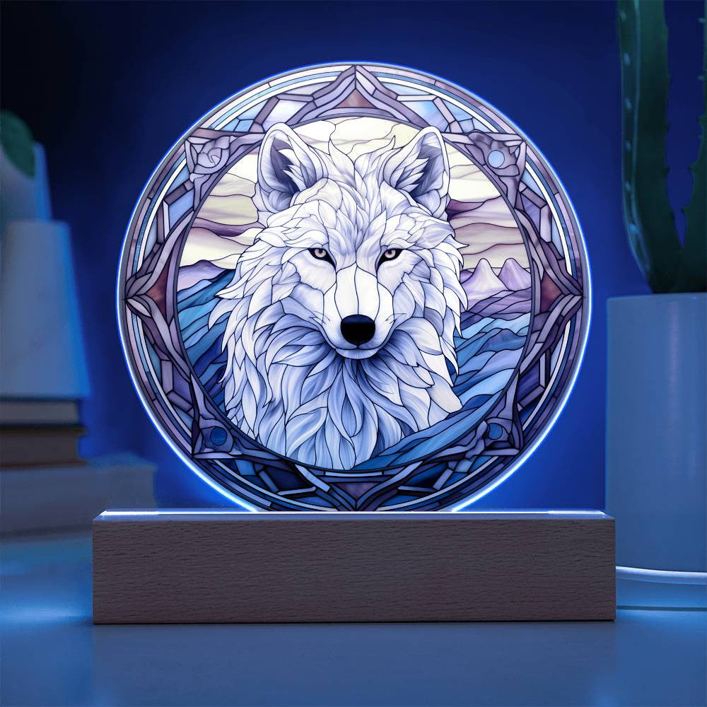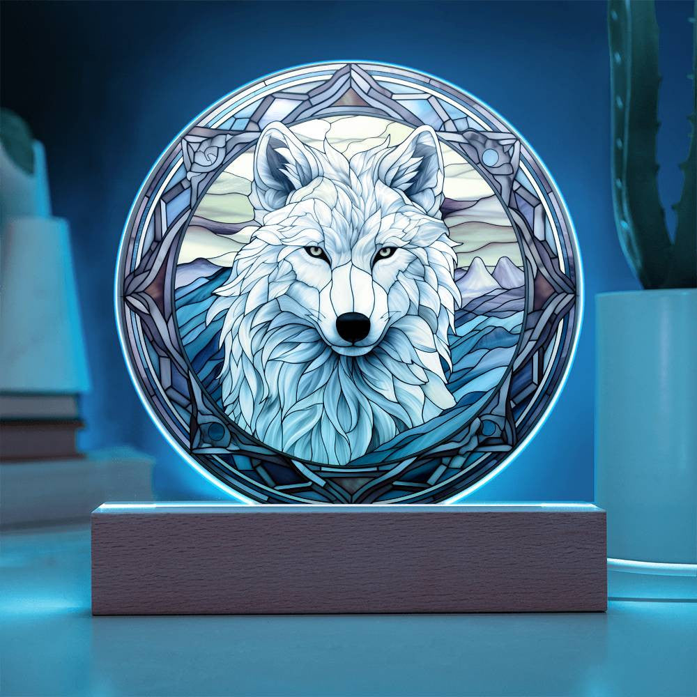 Introducing our stunning Stained Glass Style White Wolf Plaque and White Wolf Ornament, the perfect centerpiece for any winter-themed decor. This captivating winter wolf LED light plaque features a beautiful 3D image look of a majestic white wolf, making it an ideal gift for him, whether it's for your dad, grandpa, or any wolf lover in your life. Enhance your home with this LED night light that not only brightens up your space but also serves as a striking piece of animal wall art. Ideal for rustic lodges, farmhouse decor, or even as a thoughtful hunting gift during the snowy Christmas season, this enchanting piece connects with nature and embodies the spirit animal of the wolf. Don’t miss the chance to elevate your Christmas decor or surprise a special man with this unforgettable wolf gift idea.
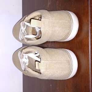 These awesome Amali canvas sneakers / tennis shoes are comfortable and durable. Size 12. Featuring a cream-colored canvas body material and trendy, thick white wall soles like the popular brand Vans. In good, gently-used condition. #FunInTheSun
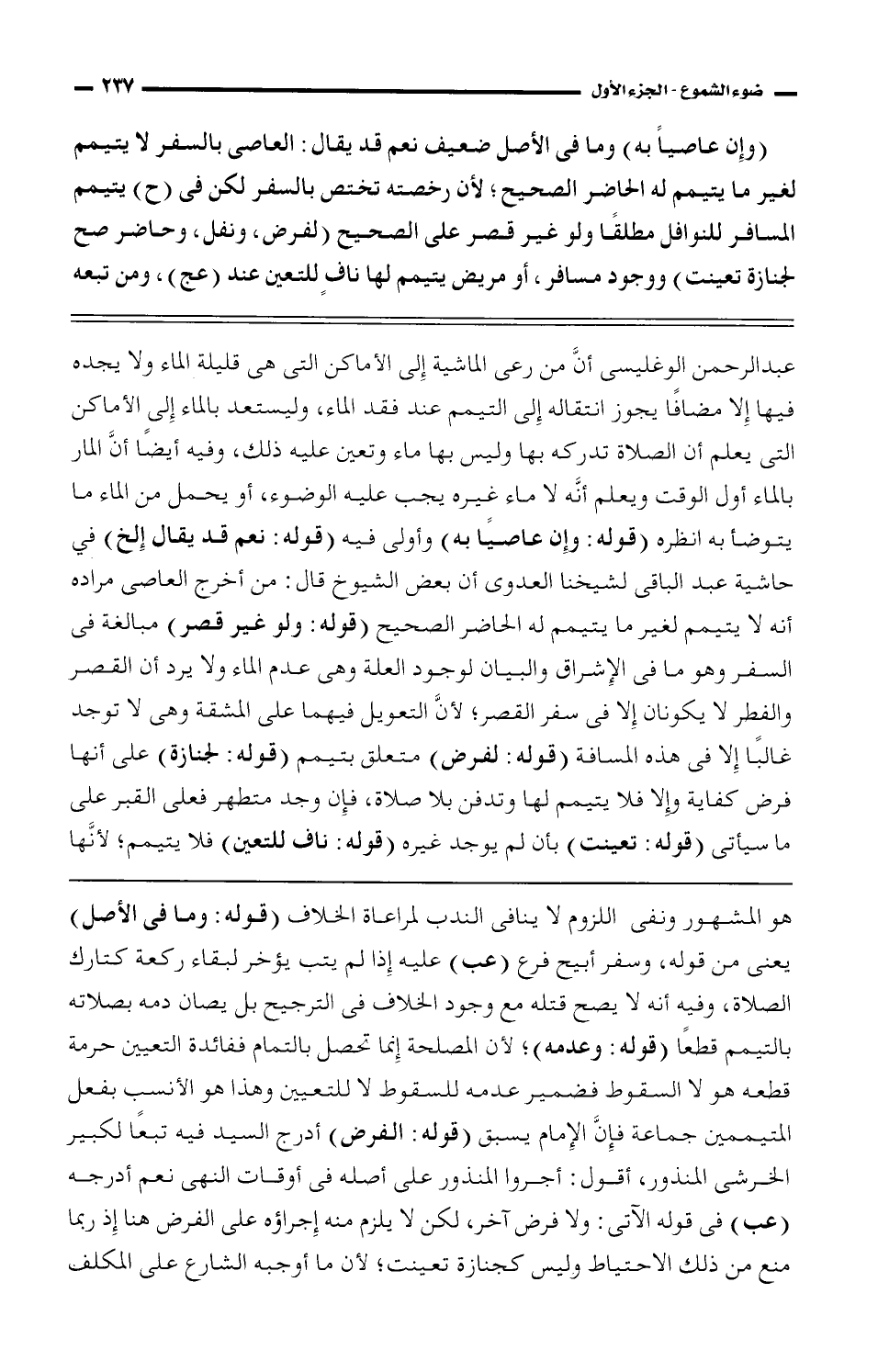 عبد الرحمن الوغليسي أن من رعى الماشية إلى الأماكن التي هي قليلة الماء ولا يجده فيها إلا مضافًا يجوز انتقاله إلى التيمم عند فقد الماء، وليستعد بالماء إلى الأماكن التي يعلم أن الصلاة تدركه بها وليس بها ماء وتعين عليه ذلك، وفيه أيضًا أن المار بالماء أول الوقت ويعلم أنه لا ماء غيره يجب عليه الوضوء، أو يحمل من الماء ما يتوضأ به أنظره (قوله: وإن عاصيًا به) وأولى فيه (قوله: نعم قد يقال الخ) في حاشية عبد الباقي لشيخنا العدوي أن بعض الشيوخ قال: من أخرج العاصي مراده أنه لا يتيمم لغير ما يتيمم له الحاضر الصحيح (قوله: ولو غير قصر) مبالغة في السفر وهو ما في الإشراق والبيان لوجود العلة وهي عدم الماء ولا يرد أن القصر والفطر لا يكونان إلا في سفر القصر؛ لأن التعويل فيهما على المشقة وهي لا توجد غالبًا إلى في هذه المسافة (قوله: لفرض) متعلق بتيمم (قوله: لجنازة) على أنها فرض كفاية وإلا فلا يتيمم لها وتدفن بلا صلاة، فإن وجد متطهر فعلى القبر على ما سيأتي (قوله: تعينت) بأن لم يوجد غيره (قوله: ناف للتعين) فلا يتيمم؛ لأنها
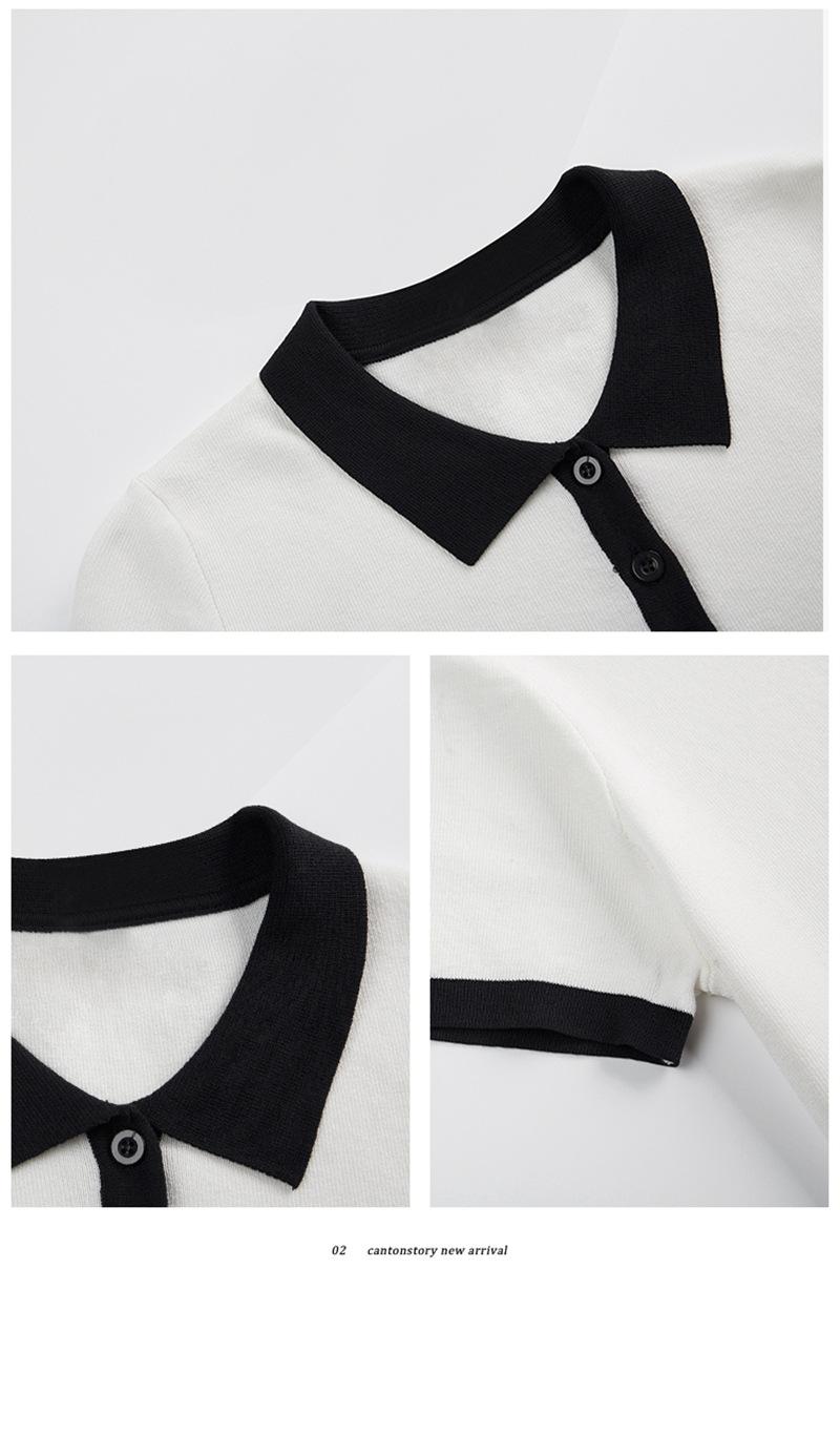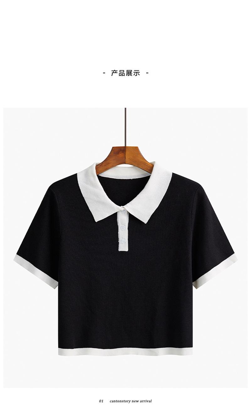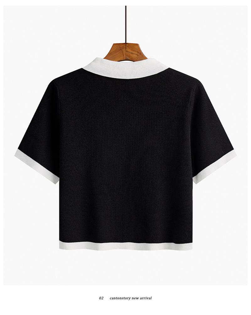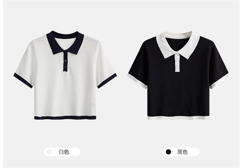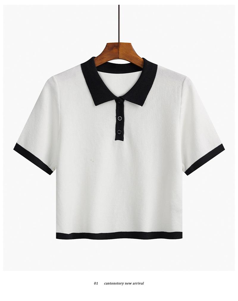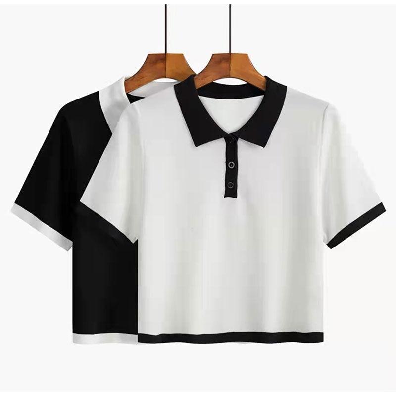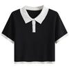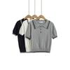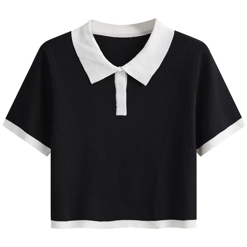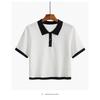 Camiseta de Punto de Manga Corta con Hombro Descubierto para Gorditas Diseño Estilo Francés Cuello Polo Top Corto Ajustado

*****

ASSIGNMENT: Exact repetition of the data is needed, with no images retained.

ANSWER SPACE:
 Introducing our stunning Stained Glass Style White Wolf Plaque and White Wolf Ornament, the perfect centerpiece for any winter-themed decor. This captivating winter wolf LED light plaque features a beautiful 3D image look of a majestic white wolf, making it an ideal gift for him, whether it's for your dad, grandpa, or any wolf lover in your life. Enhance your home with this LED night light that not only brightens up your space but also serves as a striking piece of animal wall art. Ideal for rustic lodges, farmhouse decor, or even as a thoughtful hunting gift during the snowy Christmas season, this enchanting piece connects with nature and embodies the spirit animal of the wolf. Don’t miss the chance to elevate your Christmas decor or surprise a special man with this unforgettable wolf gift idea.
 These awesome Amali canvas sneakers / tennis shoes are comfortable and durable. Size 12. Featuring a cream-colored canvas body material and trendy, thick white wall soles like the popular brand Vans. In good, gently-used condition. #FunInTheSun
 عبد الرحمن الوغليسي أن من رعى الماشية إلى الأماكن التي هي قليلة الماء ولا يجده فيها إلا مضافًا يجوز انتقاله إلى التيمم عند فقد الماء، وليستعد بالماء إلى الأماكن التي يعلم أن الصلاة تدركه بها وليس بها ماء وتعين عليه ذلك، وفيه أيضًا أن المار بالماء أول الوقت ويعلم أنه لا ماء غيره يجب عليه الوضوء، أو يحمل من الماء ما يتوضأ به أنظره (قوله: وإن عاصيًا به) وأولى فيه (قوله: نعم قد يقال الخ) في حاشية عبد الباقي لشيخنا العدوي أن بعض الشيوخ قال: من أخرج العاصي مراده أنه لا يتيمم لغير ما يتيمم له الحاضر الصحيح (قوله: ولو غير قصر) مبالغة في السفر وهو ما في الإشراق والبيان لوجود العلة وهي عدم الماء ولا يرد أن القصر والفطر لا يكونان إلا في سفر القصر؛ لأن التعويل فيهما على المشقة وهي لا توجد غالبًا إلى في هذه المسافة (قوله: لفرض) متعلق بتيمم (قوله: لجنازة) على أنها فرض كفاية وإلا فلا يتيمم لها وتدفن بلا صلاة، فإن وجد متطهر فعلى القبر على ما سيأتي (قوله: تعينت) بأن لم يوجد غيره (قوله: ناف للتعين) فلا يتيمم؛ لأنها
 Camiseta de Punto de Manga Corta con Hombro Descubierto para Gorditas Diseño Estilo Francés Cuello Polo Top Corto Ajustado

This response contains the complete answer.